* **ASSIGNMENT**: What you produce should be an exact transcription of the data, minus any pictures.

* **DATA SEGMENT**:
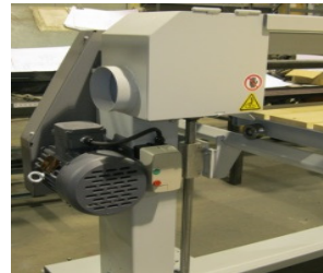
Moteur de la courroie
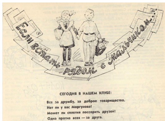
Рис. 2. «Повестка дня» клуба журнала «Пионер»

Данная публикация была итоговым ответом на заметку в несколько строк, опубликованную в № 2 за 1959 г. «Давайте ответим вместе», в которой кировоградские ученицы 7 класса задали вопрос: «Можно ли дружить с мальчиками?». В редакцию пришло двести пятьдесят писем от читателей, и все письма, по словам авторов статьи, содержали в себе утверждение, что дружить обязательно надо. В то же время в статье был проведен анализ негативных ситуаций, которые имели место в советской школе, а также читателям предложены варианты действий по решению конфликтов. Так, на сплетни и насмешки предлагалось отвечать высмеиванием сплетников в сатирических газетах, «стыдить их на суде всего отряда» [там же, с. 65], на хулиганские выходки одноклассников также отвечать самым решительным образом. Отметим, что в середине XX века умение постоять за себя, в том числе и с применением силы, относилось к положительным чертам личности: «Драться, поднимать руку на товарища пионеру нельзя, а защищать слабого нужно, необходимо. Этого требуют пионерские законы: «Пионер —

* **SOLUTION FOR THIS TASK**:
Moteur de la courroie
Рис. 2. «Повестка дня» клуба журнала «Пионер»

Данная публикация была итоговым ответом на заметку в несколько строк, опубликованную в № 2 за 1959 г. «Давайте ответим вместе», в которой кировоградские ученицы 7 класса задали вопрос: «Можно ли дружить с мальчиками?». В редакцию пришло двести пятьдесят писем от читателей, и все письма, по словам авторов статьи, содержали в себе утверждение, что дружить обязательно надо. В то же время в статье был проведен анализ негативных ситуаций, которые имели место в советской школе, а также читателям предложены варианты действий по решению конфликтов. Так, на сплетни и насмешки предлагалось отвечать высмеиванием сплетников в сатирических газетах, «стыдить их на суде всего отряда» [там же, с. 65], на хулиганские выходки одноклассников также отвечать самым решительным образом. Отметим, что в середине XX века умение постоять за себя, в том числе и с применением силы, относилось к положительным чертам личности: «Драться, поднимать руку на товарища пионеру нельзя, а защищать слабого нужно, необходимо. Этого требуют пионерские законы: «Пионер —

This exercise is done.